Теперь же он не хотел ни ускорять течение времени, ни замедлять его плавный ход. Как-то в руки ему попался маленький карманный календарь, в котором в армии крестиками зачеркивал дни, оставшиеся до «дембеля». Он выбросил его и подумал: как быстро все забывается. Прошло всего два месяца после «дембеля», а уже многое из той кошмарной жизни с постоянными стычками и нервным напряжением стало казаться столь незначительным, что исчезло даже само желание о ней вспоминать. Но коварная судьба-злодейка всегда распоряжается по-своему, она снова и снова дает знать о прошлом пути, былых событиях, неких исходных вехах перспективы, и постоянно держит полосатую зебру жизни на тугом аркане.

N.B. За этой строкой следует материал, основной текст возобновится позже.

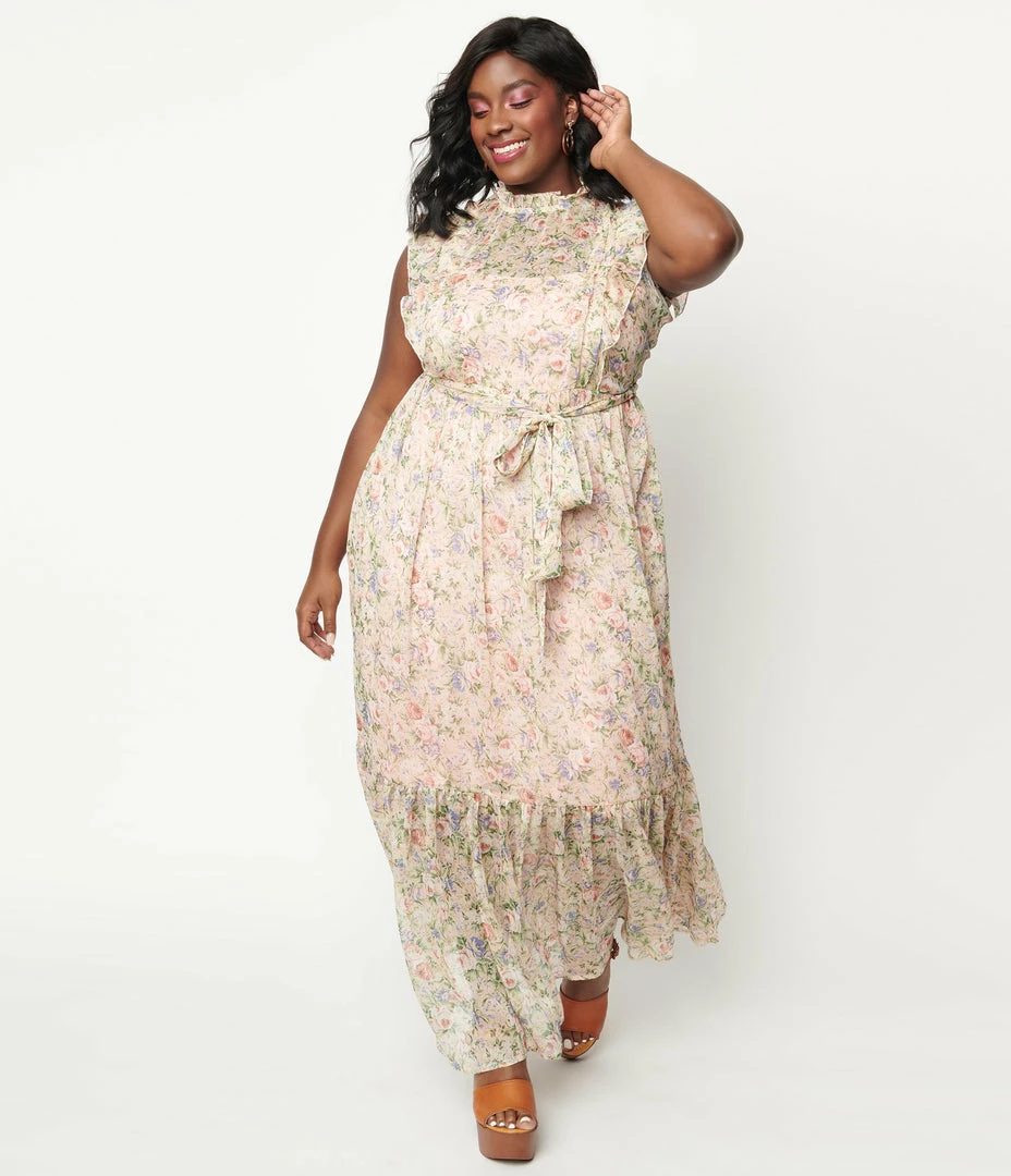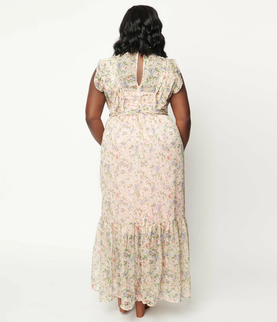 Best Sale ๐ฏ Sale Unique Vintage Plus Size Pink & Pastel Floral Print Beauty Queen Maxi ๐ Dress ๐

Больше недели в середине июня шли дожди, потом небо очистилось от пасмурных туч и снова установилось лето – ясное, жаркое. В один из таких дней Эрудит пришел с работы. Когда неспешно открывал деревянные ставни, не пропускающие солнечные лучи внутрь хаты и тем самым сохраняющие ночную прохладу, к нему подбежал Генка с испачканными руками, с мазутными полосами под носом и на щеке. Он вытер пот с лица, еще больше измазав его, и, очевидно, не в силах удержаться от важного сообщения, которое сильнее всего занимало его в эту минуту, скороговоркой выпалил:

– Эрудит, тебя тут мужик какой-то искал.

– Что за мужик? – спросил Эрудит.

– Такой, здоровый.

– Это и все?

– Ну да.

– Я спрашиваю, как он выглядит?

– Как он выглядит? – сосредоточившись, повторил вопрос Генка. – Высокий, белобрысый, говорит как-то неправильно, медленно и гнусавит. Букву «г» произносит неправильно. Приезжий, наверно. И еще у него глаза выпученные.

– Выпученные, говоришь?

– Ага.

Эрудит посмотрел по сторонам.

– И что он говорил?

– Попросил меня показать, где ты живешь и спросил, где работаешь. Я показал ему твою хату и сказал, что ты на виноградниках.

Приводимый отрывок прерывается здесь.